The sight of the action figures I used to collect across from the beers I now collect drove the similarity home. First, of course, it made me think my personality is maybe a bit too compulsive. But it also made me think that the craft beer industry is speaking to the same compulsion in others — if not courting it directly.
The timeline tracks: Like me, many craft beer fans in their 20s and 30s grew up with cards, action figures and other collectibles. And craft beer has enough in common with them to make it a new collector's paradise for that older audience: product scarcity, attractive package art and even a means of flaunting one's collection in Untappd.
Don't get me wrong: I still love to drink craft beer, superficialities be damned. Nor is this to say that all craft beer fans are sublimating some youthful collector impulse into their purchasing behavior. I may even be the only one. But, somehow, I doubt it.
And I don't know when we'll outgrow it.
What's on tap
Mark Grimaldi and Joe Shelton's King Ferry brewery is now canning 16-ounce containers of any beer it has on draft, for takeout purchase. With the ability to fill cans directly from their brite tank, the brewery will also offer limited runs of four-packs, Grimaldi and Shelton said. And as soon as their labels are designed, Aurora Ale & Lager will begin wholesaling cases.
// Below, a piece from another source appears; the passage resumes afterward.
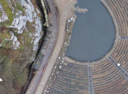 Als Planungsgrundlage für Umbau und Felssicherungsmaßnahmen galt es mit der UAV-Vermessung eine aktuelle, exakte und auch in den Felsbereichen aussagekräftige Bestandsunterlage zu erstellen.

New at the brewery is a dry-hopped rye IPA, formerly known as Ray-Ray. Grimaldi and Shelton are also aging a Belgian quad in whiskey barrels for release in mid- to late December. It'll be about 10-percent ABV, they said.
Derric and Kristen Slocum's Weedsport brewery will also be releasing limited amounts of four-packs of 16-ounce cans, they said. Dates will be posted to Lunkenheimer's Facebook page.
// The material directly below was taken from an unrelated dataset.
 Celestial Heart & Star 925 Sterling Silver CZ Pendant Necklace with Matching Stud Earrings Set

The brewery will also attend the fifth annual New York Craft Brewers Festival at the Landmark Theatre in Syracuse Dec. 2. And, making use of its farm brewery license, Lunkenheimer has recently added a small list of wine, cider and craft cocktails to its drink menu.
Dawn and Marc Schulz's downtown Auburn brewpub recently released a few new creations from brewer Ben Maeso: Good Behavior pale ale, hoppy Kolsch Meestah Calista and Riot Down Under, Prison City's first New England-style double IPA.
Maeso and assistant brewer Rob Bowen also recently went to Barrier Brewing Co. in Oceanside, Long Island, for a collaboration IPA that combines Prison City's Mass Riot with Barrier's Money. The result, Bug Juice, was released at Barrier this week and will come to Auburn in the next couple of weeks.